We had a great newspaper photographer at the time, the late Debra Friedell, so it was a good period for Ranger pictures in general.
Beyond that, however, for about five years in the 1970s it was determined by somebody that our pictures ought to have rounded corners.
The thinking at the time was that rounded corners would give the page a contemporary, stylish look that also would improve the reader's "eye flow" around the page.
Today, of course, those pages look anything but contemporary. The are forever locked into a time period that is recognizable instantly to anyone who looks at it. Back then, though, rounding corners on pictures was all the rage -- and it also was one of RoJean's daily duties.
She spent a good portion of her time here at the old Ranger Printers, which was in the basement of our offices at 421 E. Main St. (we moved Ranger Printers "upstairs" in 1996, some years after RoJean had left us to begin her job at CWC).
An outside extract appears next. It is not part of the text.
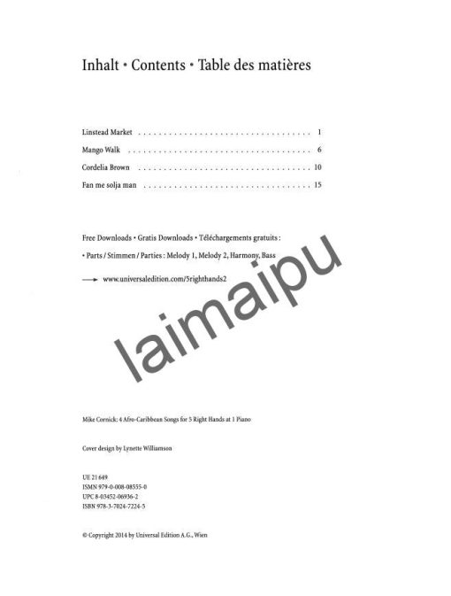 科尼克: 依非洲/加勒比风格,为 5 只右手所写的 4 首小品 (Cornick: 4 Afro-Caribbean Songs for 5 Right Hands at 1 Piano)

Among the many printing-related gadgets down there in those days was an old, cast-iron machine that could round the edges of printed products.
Each day as page one was being "pasted up" (to use another outdated term of newspaper production), someone would run that day's photographs downstairs to RoJean, who would drop whatever else she was doing (and she did a lot), put each corner into the mechanism, push down the lever, and round off the photos, one corner at a time.
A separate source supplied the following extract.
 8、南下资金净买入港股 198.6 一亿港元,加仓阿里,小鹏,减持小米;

Most of the time we only rounded the pictures on the front page, but sometimes, if Deb Friedell had a big photo feature elsewhere in the paper, the rounded-corner treatment would be applied there too.
A check of the Ranger archives shows that we abandoned the practice sometime in 1980.
Joel Kindle, the longtime Riverton radio personality who also once worked for The Ranger and remains a regular visitor to the office to this day, remembered the device that rounded the pictures. He inquired about it not long ago, but we didn't find it in the basement, which is much less organized now than it was when RoJean worked there with Marvin Schlichenmayer, Fran Olheiser, Jim Doyle and others.
Then, just before Christmas, when I was rooting around the basement for an old photograph, I spied a lever protruding from behind a stack of old newspapers. It was the corner-rounder!
For the sake of old times, I found an old envelope, placed it on the flat surface of the gizmo, pushed down the lever.
With a satisfying munch of paper, the long-idled cutter rendered the right-angle edge of that envelope into a smooth, round corner, just as it had done so many times when RoJean Thayer was Riding with the Rangers.